§ What you will do: All the lines below need to be output exactly, apart from any images.

§ Material provided:
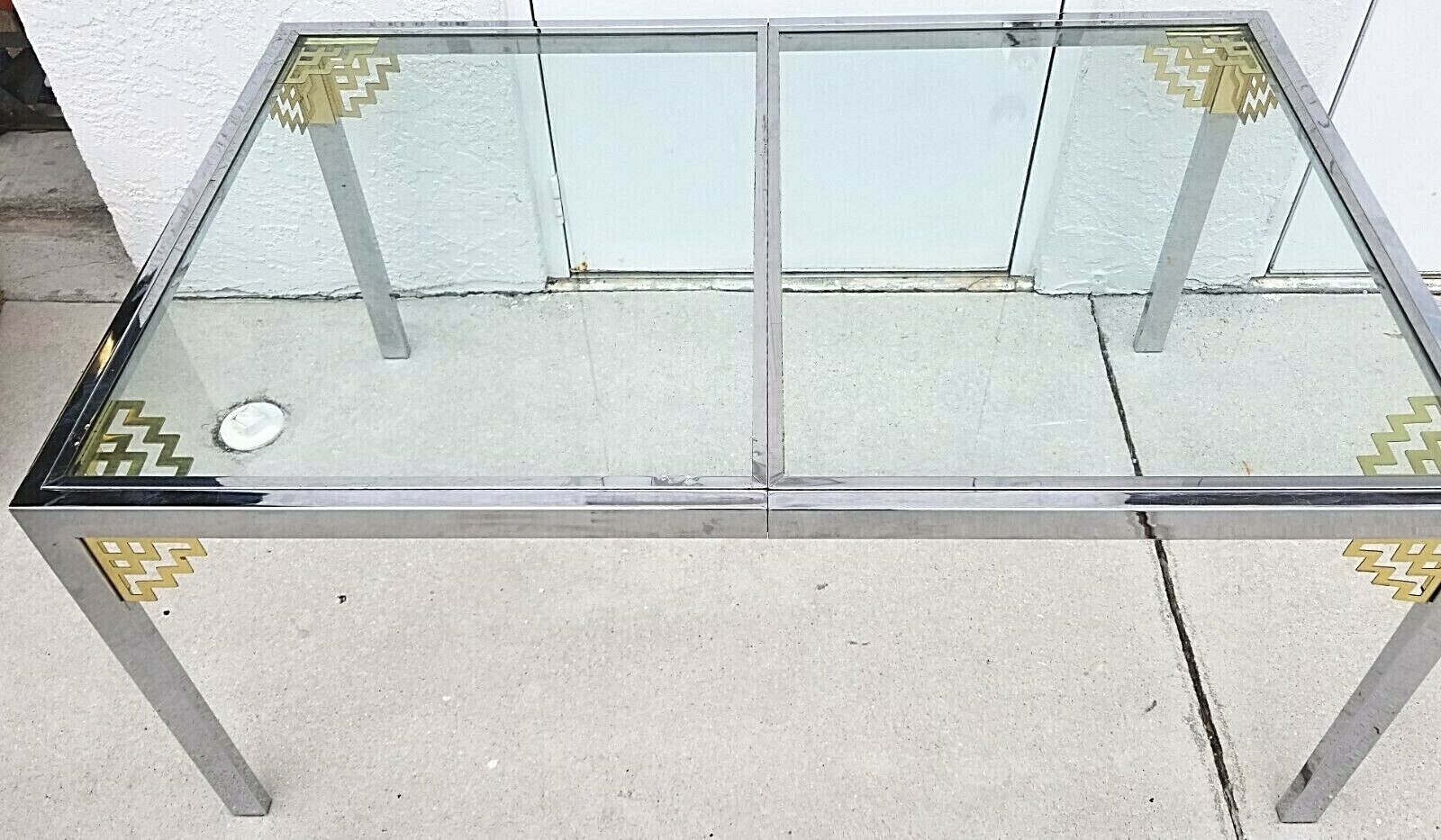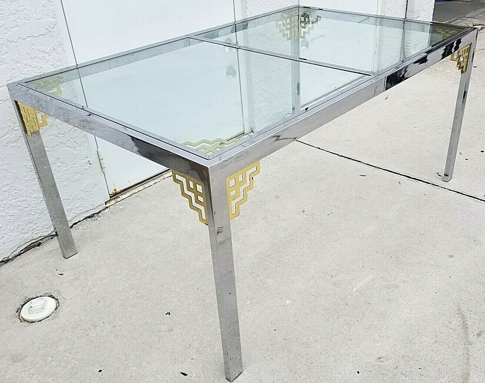 MCM 1970's MASTERCRAFT Style Hollywood Regency Chrome and Glass Dining Table 60"
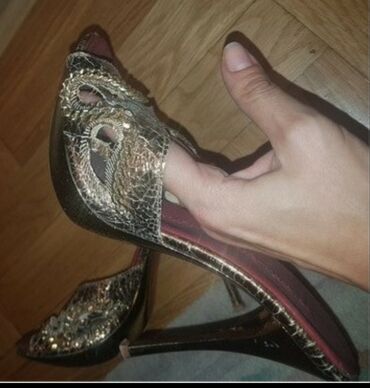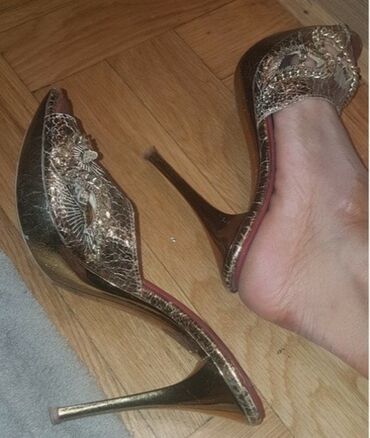 37Primadonna collection papuce sa visokom stiklom. Broj 37, moze i 36,5 Zlatne neobicne .. Boja starog zlata.. kao nove, fabricki ispucale, tako su kupljene, to je fora.
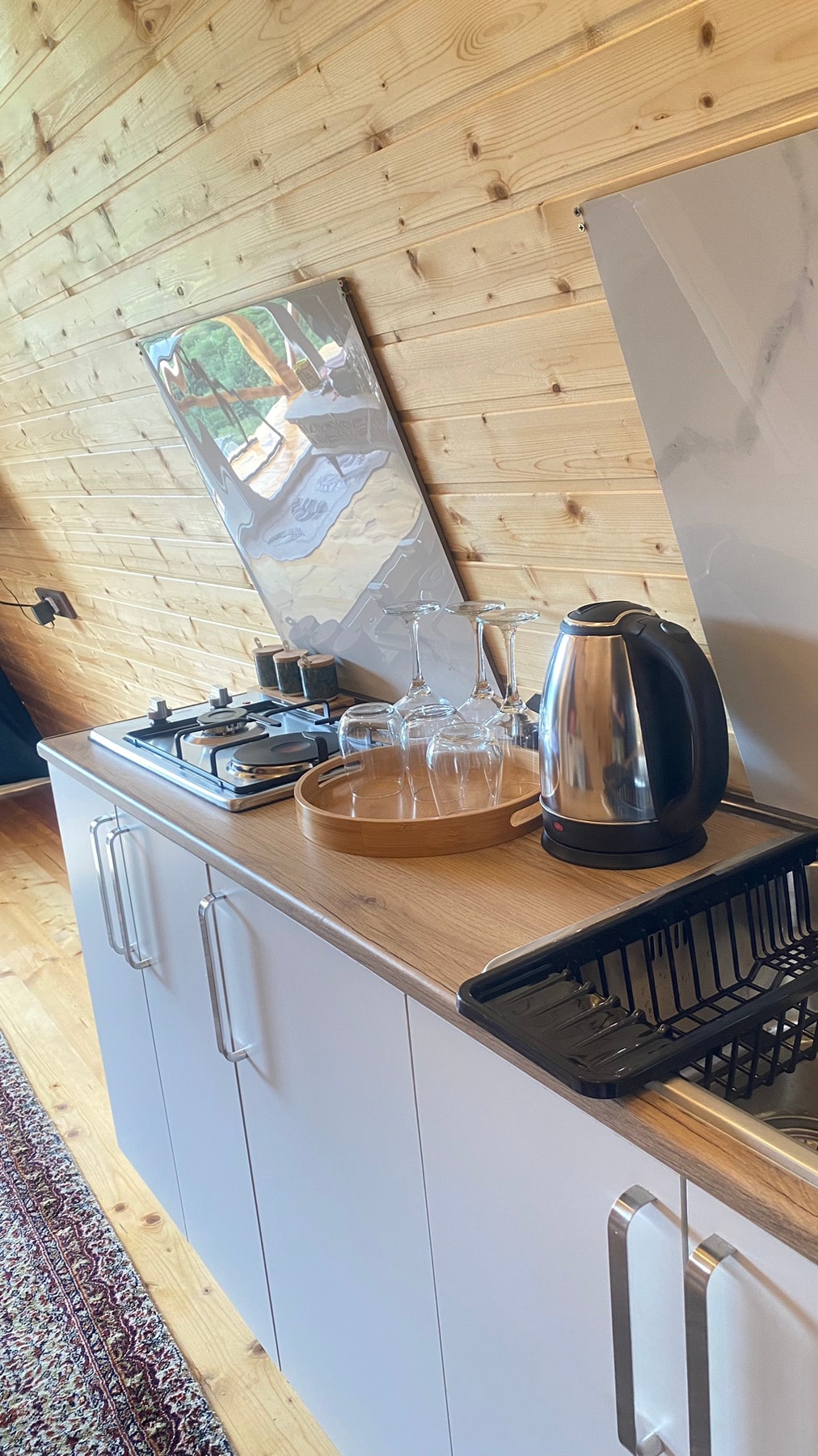 The cottage has a sauna which costs an additional fee. One hour costs 100 GEL. Mirveti waterfall is a few kilometers from Thomas hut. Mosque is one kilometer away. Machakhela river is also nearby. Makhuntseti waterfall is 20 kilometers away. We also have house wine, red and white. Aged for 3-4 years. Which you can buy on site.

§ Exercise response:
 MCM 1970's MASTERCRAFT Style Hollywood Regency Chrome and Glass Dining Table 60"
 37Primadonna collection papuce sa visokom stiklom. Broj 37, moze i 36,5 Zlatne neobicne .. Boja starog zlata.. kao nove, fabricki ispucale, tako su kupljene, to je fora.
 The cottage has a sauna which costs an additional fee. One hour costs 100 GEL. Mirveti waterfall is a few kilometers from Thomas hut. Mosque is one kilometer away. Machakhela river is also nearby. Makhuntseti waterfall is 20 kilometers away. We also have house wine, red and white. Aged for 3-4 years. Which you can buy on site.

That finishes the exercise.